* [WHAT IS BEING ASKED]: In the material below, find the line with "1girl, long hair, silver" and the line with "Ny, håndstrikket genser", then output both and every line between them exactly, omitting pictures.

* [RECORDS PROVIDED]:

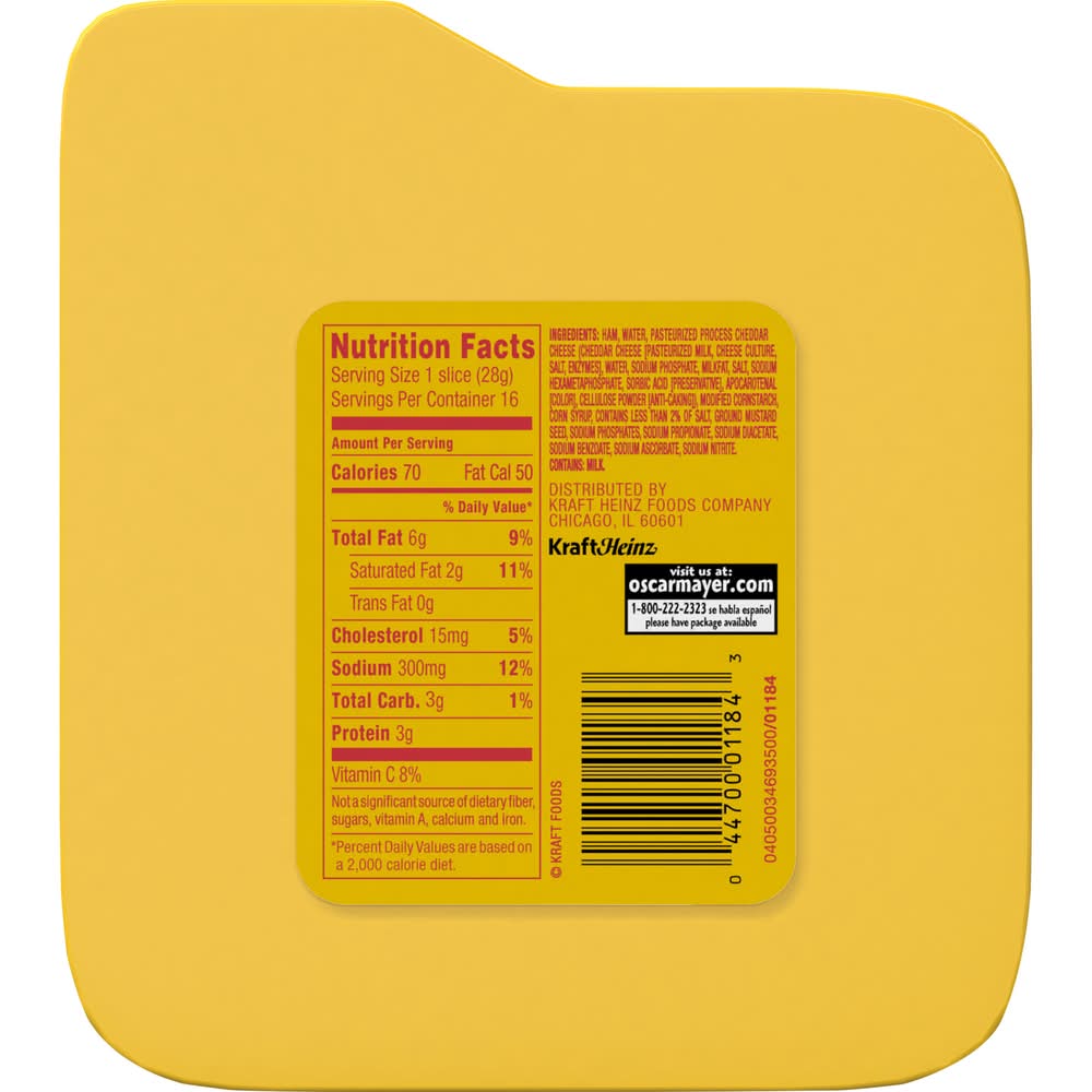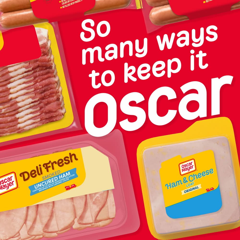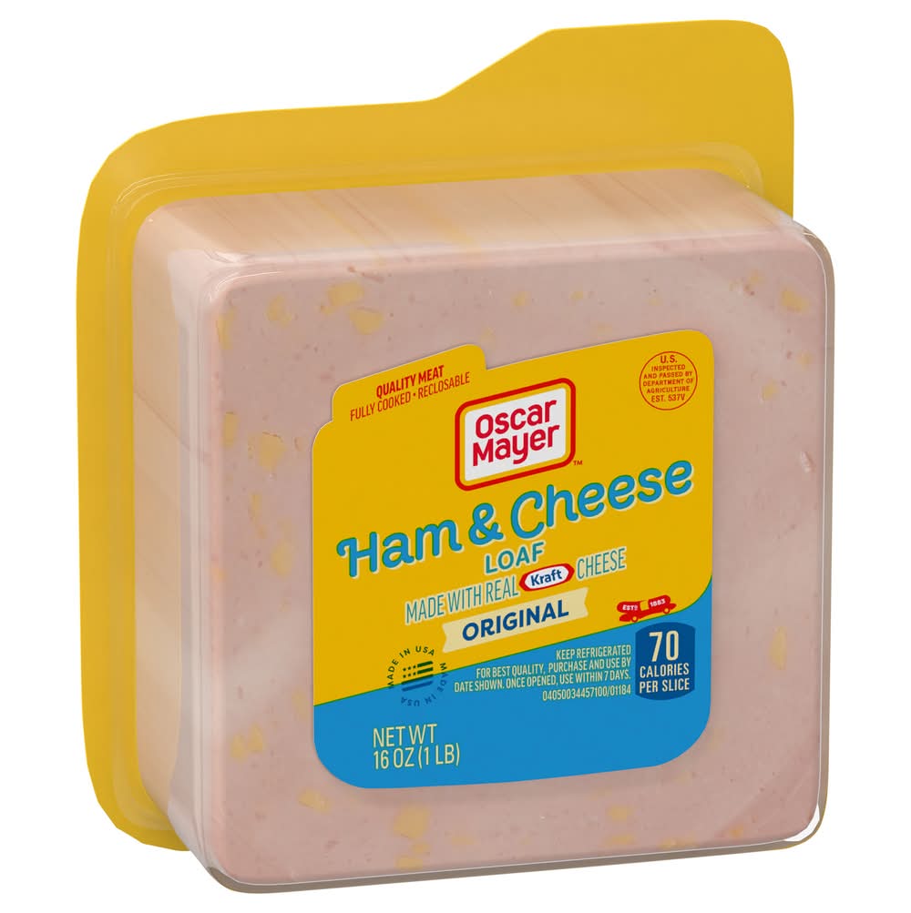 Enjoy the delicious combination of ham and cheese in one. Oscar Mayer Ham & Cheese Loaf Lunch Meat is made with quality meat and real Kraft cheese. With a rich, classic ham flavor mixed with cheesy goodness, our fully cooked ham lunch meat is ready to eat. Add Oscar Mayer lunch meat to sandwiches, wraps or deli platters. Ham and cheese loaf also makes a great snack when eaten with crackers. Keep our 16-ounce pack of ham and cheese loaf sandwich meat refrigerated in the resealable package to ensure freshness. If you enjoy our ham & cheese loaf, be sure to try the other varieties of Oscar Mayer lunch meat. Kraft Heinz Foods Company, Chicago,IL,60601
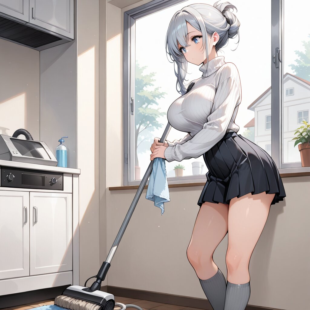 1girl, long hair, silver hair, updo hairstyle, light blue eyes, large breasts, oversized white knitwear, black pleated skirt, gray thighhigh socks, cleaning window, cleaning, house cleaning, vacuum cleaner, wiping with cloth, sweeping with broom, masterpiece, ultra detailed
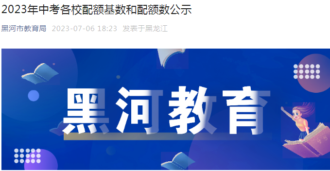 現(xiàn)將2023年黑河市中考各校配額基數(shù)和配額數(shù)公示如下,公示期為5個工作日(7月6日—7月12日)。各校如有異議,請在公示期內(nèi)與黑河市教育局高中和職成教育科聯(lián)系,電話:0456—8256589。
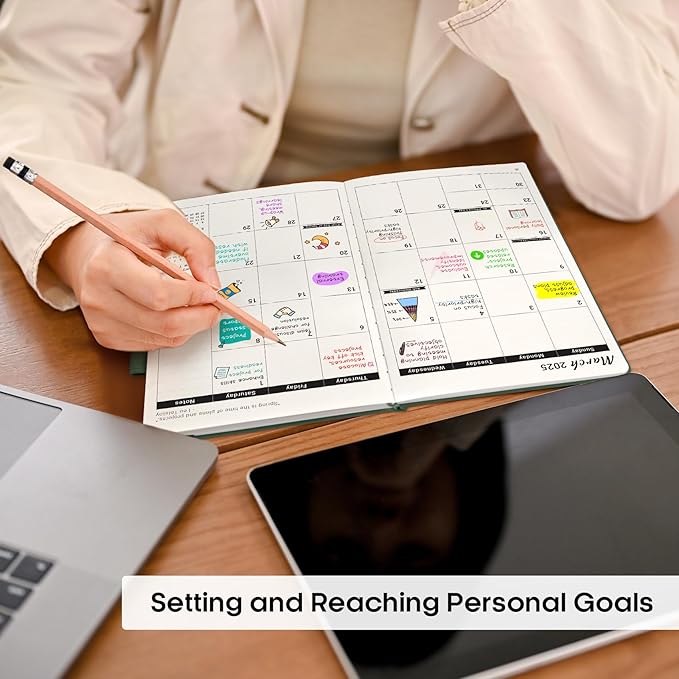 - Premium High Quality: Made with high-quality thick paper for a smooth writing experience, this 2025 planner boasts a sturdy hardcover, an elastic band, and a bookmark for added convenience. The A5 size (5.8" x 8.4") is perfectly portable, with a back pocket for extra storage, making it ideal for easy planning.
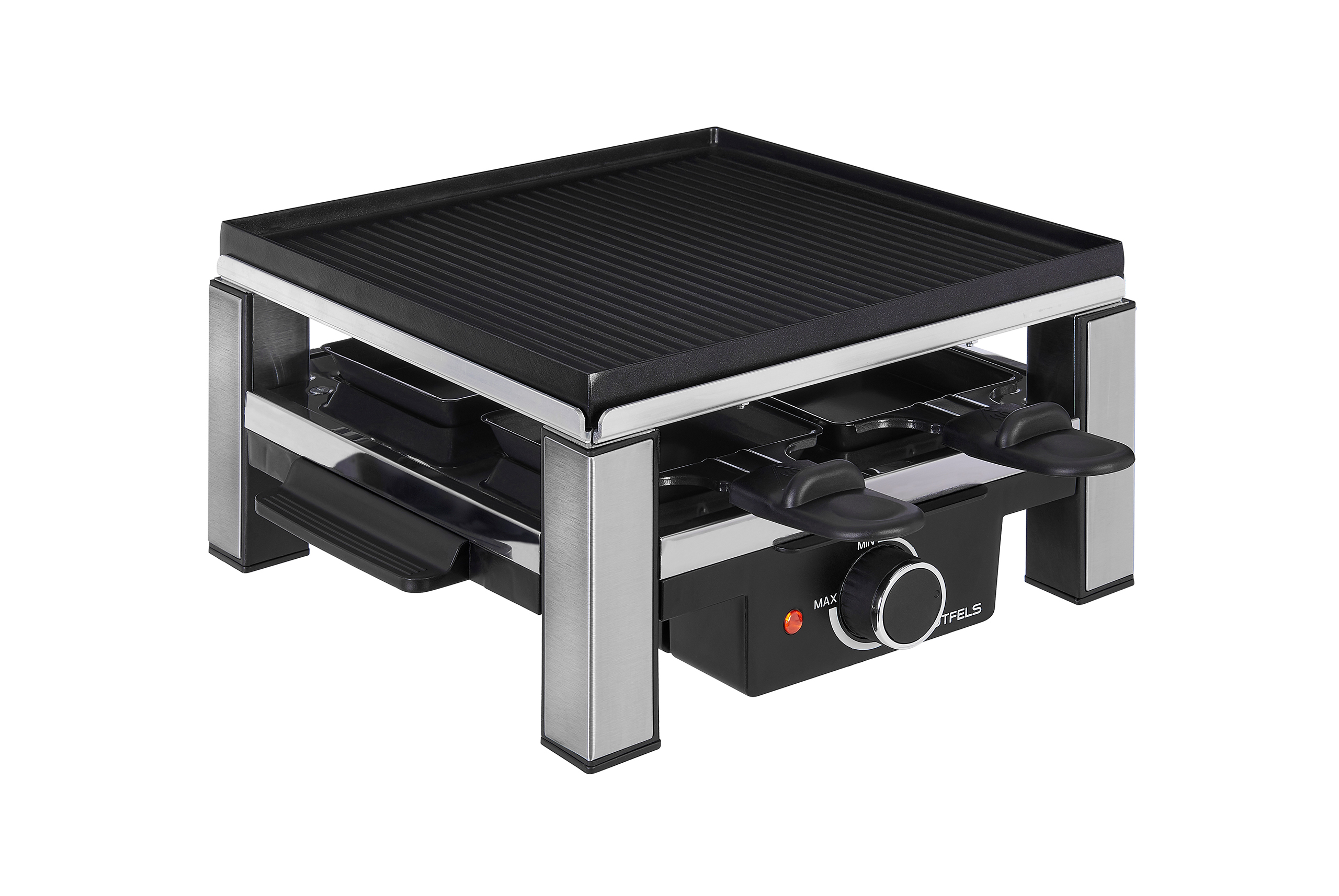 Elektriskais grils (raklete un grils vienā), kas paredzēts gaļas, dārzeņu un siera cepšanai uz nepiedegošas virsmas. Piemērots 4 personām.
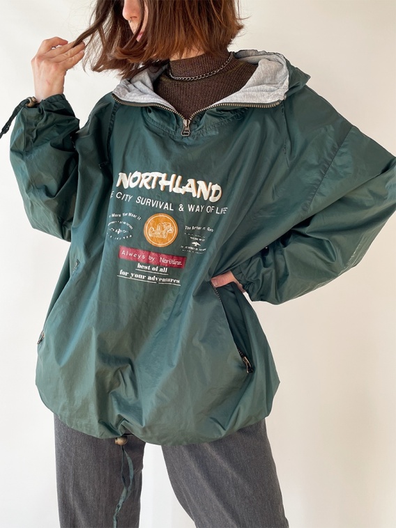 Zielona i wodoodporna kurtka wiatrówka na jesień. Wykonana z nylonu na bawełnianej podszewce. Wysoki kołnierz przechodzący w kaptur. Z przodu grafika, miejscowo trochę schodzi - nie jest to duża wada. Na dole i w mankietach ściągana sznurkiem.
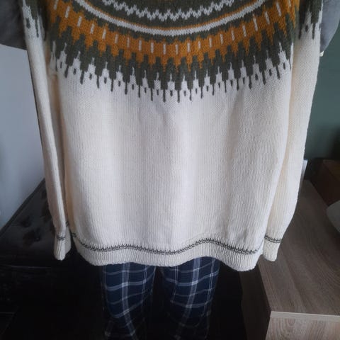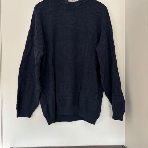Ny, håndstrikket genser i sort merinoull, superwash, str XL. Genseren er veldig myk og tøyelig i garnet, veldig behagelig på. Lengde 68 cm, overvidde 120 cm, ermlengde fra hals til håndledd, 80 cm. Ikke røyk/dyr.
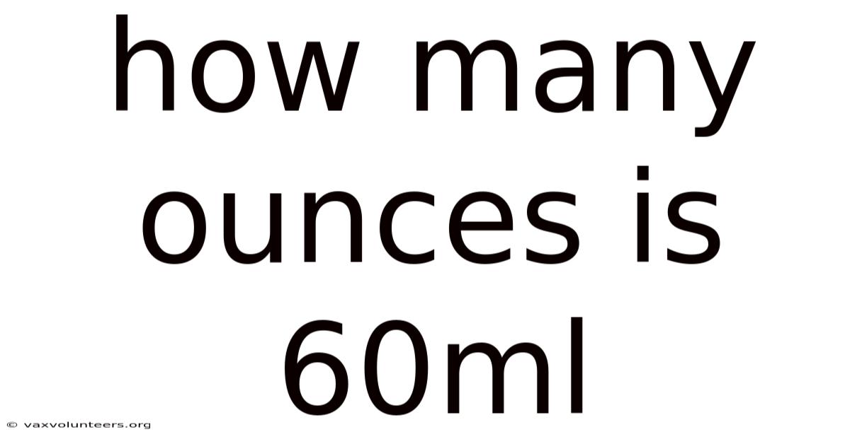 The Key Takeaway: 60 milliliters is approximately 2.03 US fluid ounces and approximately 2.11 Imperial fluid ounces. The difference, while seeming small (about 0.08 oz), can be significant in precise baking, pharmaceutical compounding, or chemical formulations where ratios are critical.
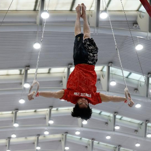 1月31日,中国国家体操队继续在国家体育总局训练局进行冬训。男队在今天举行了30米跑、400米跑和控倒立等三项的体能测试。
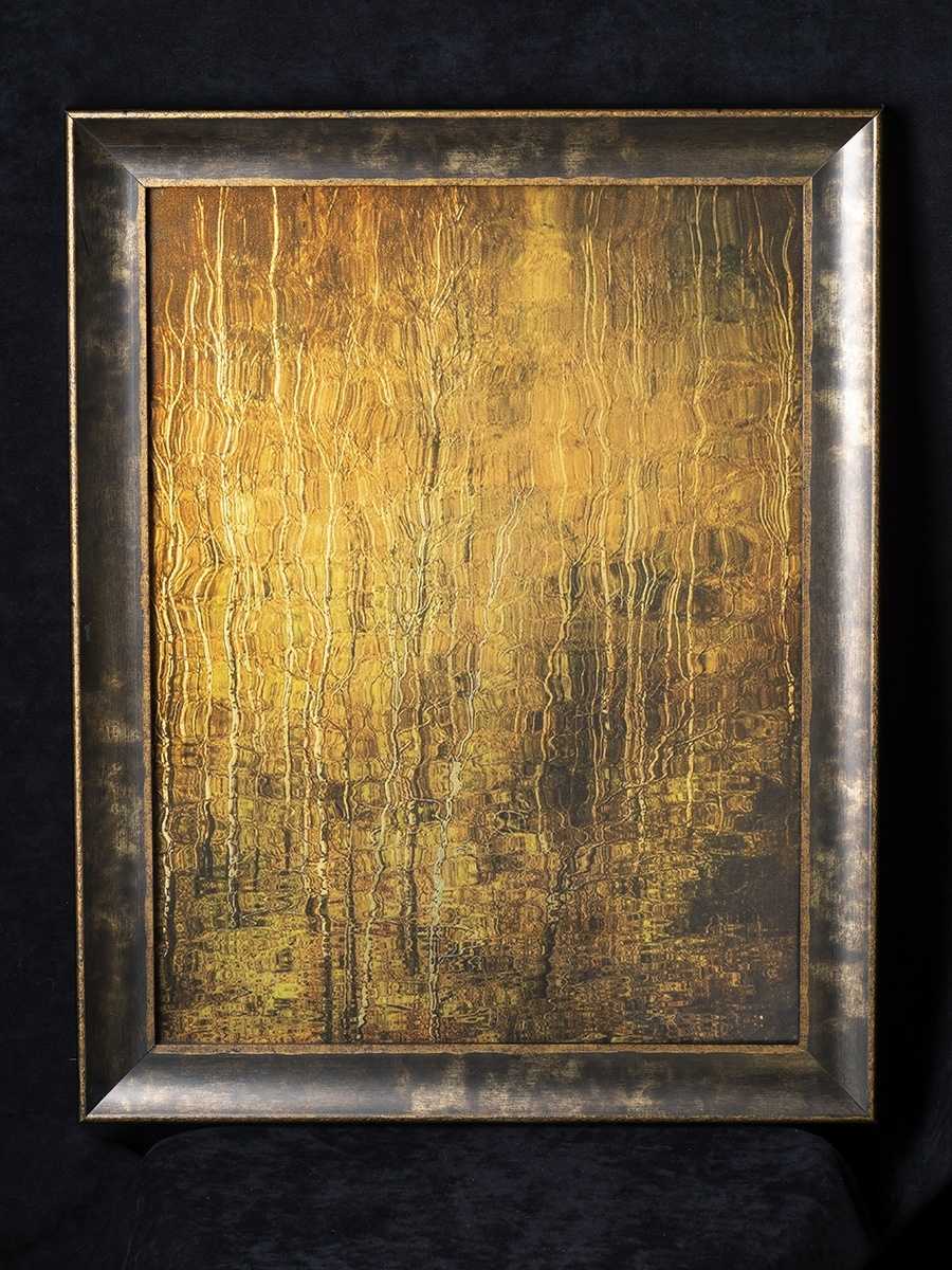 Техника эгломизе. На зеркало кладется тонкий лист золота, после чего делается гравировка и покрывается краской. Очень муторный и дорогой процесс, но выглядит потрясающе. Мы немного усовершенствовали этот процесс: разбираем старое зеркало, снимаем с него все слои до амальгамы, чистим и потом на поверхность печатаем изображение и закрываем поталью. Протравленная поталь дает ажурный узор.

* [WRITTEN SOLUTION]:
 1girl, long hair, silver hair, updo hairstyle, light blue eyes, large breasts, oversized white knitwear, black pleated skirt, gray thighhigh socks, cleaning window, cleaning, house cleaning, vacuum cleaner, wiping with cloth, sweeping with broom, masterpiece, ultra detailed
 現(xiàn)將2023年黑河市中考各校配額基數(shù)和配額數(shù)公示如下,公示期為5個工作日(7月6日—7月12日)。各校如有異議,請在公示期內(nèi)與黑河市教育局高中和職成教育科聯(lián)系,電話:0456—8256589。
 - Premium High Quality: Made with high-quality thick paper for a smooth writing experience, this 2025 planner boasts a sturdy hardcover, an elastic band, and a bookmark for added convenience. The A5 size (5.8" x 8.4") is perfectly portable, with a back pocket for extra storage, making it ideal for easy planning.
 Elektriskais grils (raklete un grils vienā), kas paredzēts gaļas, dārzeņu un siera cepšanai uz nepiedegošas virsmas. Piemērots 4 personām.
 Zielona i wodoodporna kurtka wiatrówka na jesień. Wykonana z nylonu na bawełnianej podszewce. Wysoki kołnierz przechodzący w kaptur. Z przodu grafika, miejscowo trochę schodzi - nie jest to duża wada. Na dole i w mankietach ściągana sznurkiem.
Ny, håndstrikket genser i sort merinoull, superwash, str XL. Genseren er veldig myk og tøyelig i garnet, veldig behagelig på. Lengde 68 cm, overvidde 120 cm, ermlengde fra hals til håndledd, 80 cm. Ikke røyk/dyr.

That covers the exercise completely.